Paramount and Participant Media celebrated the 10th anniversary of the Oscar-winning landmark documentary An Inconvenient Truth last night with a party at SmogShoppe that featured its star, former Vice President Al Gore. The several other notable guests including its director Davis Guggenheim, Norman Lear, Ed Begley Jr., Frances Fisher and other like-minded defenders of environmental causes. The movie opened May 24, 2006.

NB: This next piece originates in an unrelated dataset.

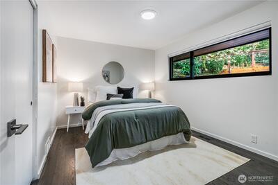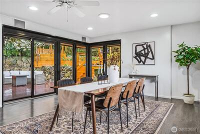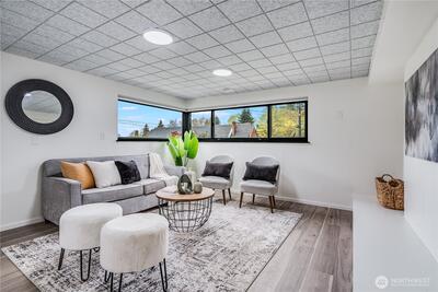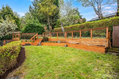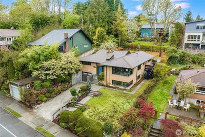 Welcome to this beautiful, lovingly maintained mid-century home in coveted Seward Park, perfectly situated just moments from Lake Washington and all the charm, scenic pathways, and outdoor recreation the neighborhood has to offer. Nestled on a mature, peaceful, and private lot, the thoughtfully designed multi-tiered yard captures serene peek-a-boo views of the lake while offering lush, tranquil spaces to relax and unwind. Inside, you’ll find 4 bedrooms, 2 bathrooms, and a versatile bonus living area, providing flexible and convenient living for today’s lifestyle. Traditional Shoji slider doors open seamlessly to a spacious, wrap-around trex deck, creating an ideal setting for effortless indoor-outdoor entertaining. Thoughtfully updated throughout, this home features an updated electrical panel (2018), central A/C (2022), a remodeled kitchen and bathrooms along with new windows (2019), a new roof in 2017, and a garage door replaced in 2020. With too many updates to list, this move i

Participant founder Jeff Skoll made opening remarks by recounting how his then-nascent company set out to make a film version of what was really just a slide show Gore was taking around the country in an effort to get people to hear his impassioned message about the dangers of global warming and climate change. Most notably, he said, one of their shoots where Gore was doing his presentation for a group of insurance adjusters in a Southern city had to be postponed. That city was New Orleans, and the reason was a hurricane by the name of Katrina. Skoll says that was a turning point for the film. Upon completion, it debuted at Sundance, where the company thought it just might make a little ripple. “Participant came into that Sundance with two documentaries. One we thought would likely go to air on PBS, and the other might be a global phenomenon. The World According to Sesame Street was the one we thought would be the phenomenon, but it went instead to PBS. And An Inconvenient Truth was picked up by our friends at Paramount and has done all the things it has done,” said Skoll, who has built his company on making films that can inspire and get people involved, something they pioneered with Truth. He then introduced Gore, who praised Skoll. “He has done something no one else has done: to make entertaining media with very powerful messages that are designed to change the world for the better,” he said before noting Guggenheim was the irreplaceable creative force that shaped the movie.

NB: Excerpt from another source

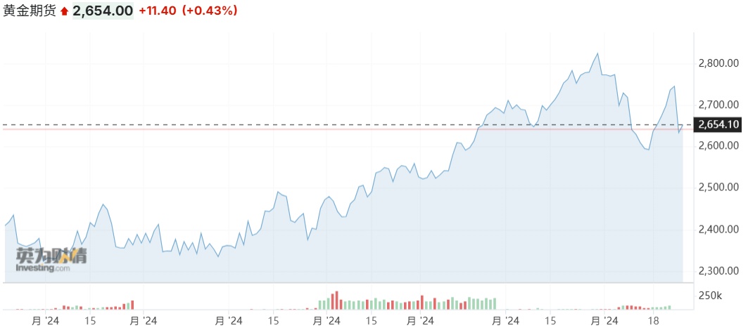 Comex 近月黄金期货收跌3.4%,至2616.80美元/盎司,这是自2020年11月9日以来美元最大单日跌幅,也是自2021年6月17日以来最大单日百分比跌幅;此举终止了连续五个交易日的上涨势头,但金价今年迄今仍上涨了27%。Comex 近月白银期货收跌3.5%至30.210美元/盎司,为9月12日以来的最低结算价。

“I thought it was a terrible idea to try and make a slide show into a movie. I was deeply affected by whoever it was who first said with very thick sarcasm, ‘Al Gore doing a slideshow? What part of that doesn’t scream blockbuster?'” he laughed. Gore said Guggenheim has a disarming interview style that forced him to peel back the layers of his psyche and made him understand his motivations and the issues of the film even better than he had before. “You could go into psychiatry if you wanted to give up directing, Davis,” the ex-veep said, going on note the contributions of the film’s producers including Lesley Chilcott, Lawrence Bender, Scott Z. Burns and Laurie David — all but David were there last night — along with then-President of Participant Ricky Strauss (now marketing wizard at Disney) and Participant documentary head Diane Weyermann. He also noted the distribution and marketing efforts of Paramount’s team including Megan Colligan, who was on hand as well.
Gore talked proudly about the recent Paris agreement in which 197 nations sign landmark accords regarding climate change. He said it was a major turning point, even though he says it’s not time to celebrate quite yet because there is so much more to do. This 10-year anniversary notes how far the movement has come. “We had a sense of mission and it came together and it made one hell of a difference,” Gore told the packed crowd. “But for all the joy that I feel on this 10th anniversary, I will not celebrate because obviously the hard part still lies ahead of us. We are way behind on the scoreboard where the climate crisis is concerned. But the momentum has shifted.”
Afterward I asked Gore what he thought about the criticism about the Paris agreement from presumptive GOP nominee Donald Trump, who said it should be re-negotiated. Gore didn’t want to comment on the record. As for the power that movies can have, he said he was enlightened on that. “I found it out. I didn’t know it at the time,” he told me, while noting surprise when I said An Inconvenient Truth remains the only documentary to win more than one Oscar (in addition to Documentary Feature it also won for Melissa Etheridge’s song “I Need to Wake Up”). Asked if there might be a sequel? “Never say never,” Gore smiled.